What can people do to improve our culture around meetings? 

We build recommendations into our reports to support organisations in making positive change, for example one company has now mandated that people only book meetings for 20 minutes, leaving 10 minutes at the start or end for people to take breaks.  

We try to practise what we preach at ART and, for example if I see someone has back-to-back meetings, I’ll put a meeting in for 20 minutes instead of 30 now. We’re all guilty of having periods of time when we don’t move from our desk, but the role of our data is to show organisations the results in changing healthy behaviours so they can support their employees to improve their health and wellbeing. 

You’re a business psychologist so I’m going to ask you the million-dollar question – how do we get the behaviour change that we want? 

One key thing is habit formation.
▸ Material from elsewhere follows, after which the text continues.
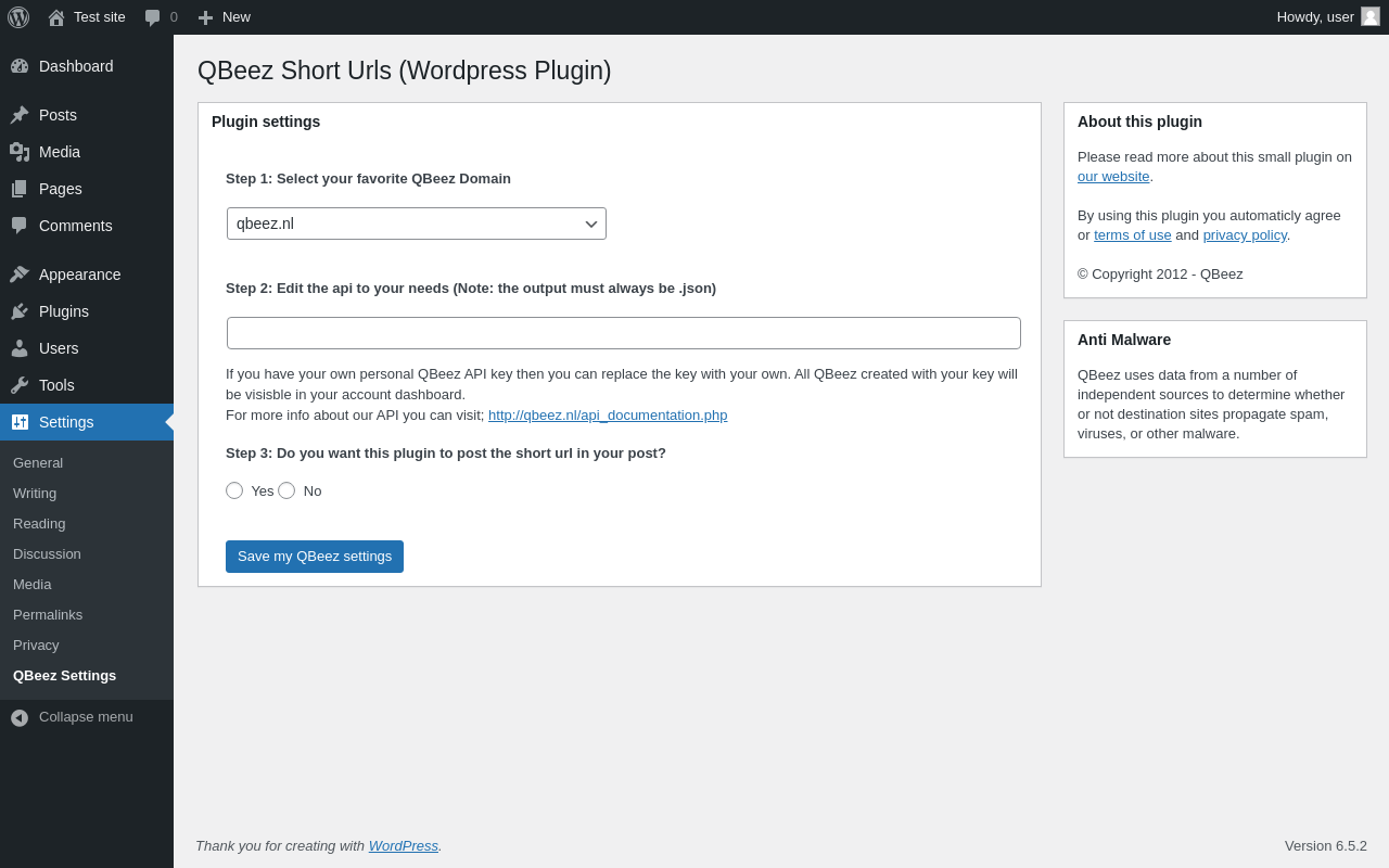 | URL | /wp-admin/options-general.php?page=qbeez_shorturl-settings |
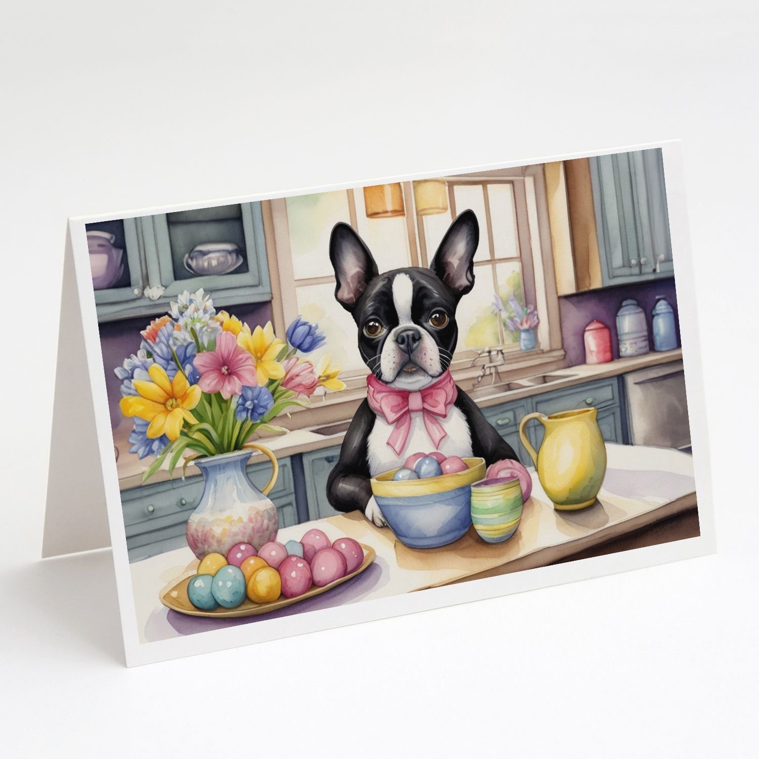 Greeting Cards Pack of 8 featuring breed specific Boston Terrier artwork. Celebrate Easter with this Easter . Celebrate special moments with Caroline's Treasures Printed Greeting Card Pack. This pack includes eight beautifully folded 5x7 cards, accompanied by eight matching white envelopes. With blank interiors, these cards provide ample space for your personalized messages and heartfelt holiday greetings. Each card features captivating full-color artwork, meticulously printed in our facility on high-quality 80 lb cover stock or 216 GSM. The super smooth finish of the white cards enhances the visual impact of the artwork, creating a truly stunning presentation. Designed by our talented in-house artists or licensed artists, the artwork on these cards showcases their creativity and attention to detail. From vibrant illustrations to captivating designs, each card tells its own unique story. Whether it's for birthdays, anniversaries, holidays, or any special occasion, Caroline's Treasures Greeting Card Pack is the perfect way to convey your heartfelt sentiments. Share joy, love, and warm wishes with these exquisite cards and make every moment unforgettable.

You can’t ask people to change overnight, but data insights can help encourage change. 

For example, we’re working with GSK as they prepare to move their global headquarters from Brentford in West London to Central London. For people who live near the current office and drive in every day, the commute will be a key change. So, we’ve been doing some research around ‘active’ commutes, where people incorporate exercise into their journey, whether that’s walking, cycling or running. 

We’ve found that people who actively commute cognitively perform better and feel less stressed. Again, we’re using this data to support interventions to inspire people to adopt these healthy behaviours into their day.  

We’re also combining this with other research out there, such as the University of Edinburgh’s study recently that showed a 15% increase in happiness among those who actively commute. 

You talked about companies ‘earning the commute’ – tell me more about creating an environment worth the time travelling to… 

There are many ways to create a great workplace experience and provide people with the autonomy over what supports their working style. This could be a range of food and beverage facilities, or gym and fitness facilities. At GSK’s new headquarters for example, there’s a whole floor dedicated to wellness, plus relaxed seating and outdoor terraces – different work settings for people to choose from. 

The world of work has changed and flexible working is here to stay, but the data is suggesting you can’t get the same social interactions, collaboration and opportunities at home, so again it’s about ‘balance’.  

Also, I guess there’s the need to balance our energy as some days in the office will be more energy-taking than others at home? 

Yes. Just like an athlete needs to recover the day after running a marathon, an employee may have used a lot of mental energy after a day of workshops and may need that recovery period too, as well as a good night’s sleep. They may benefit from working at home and not needing to have as many social interactions the next day.  

We’re all about the balance of the two; high performance and recovery.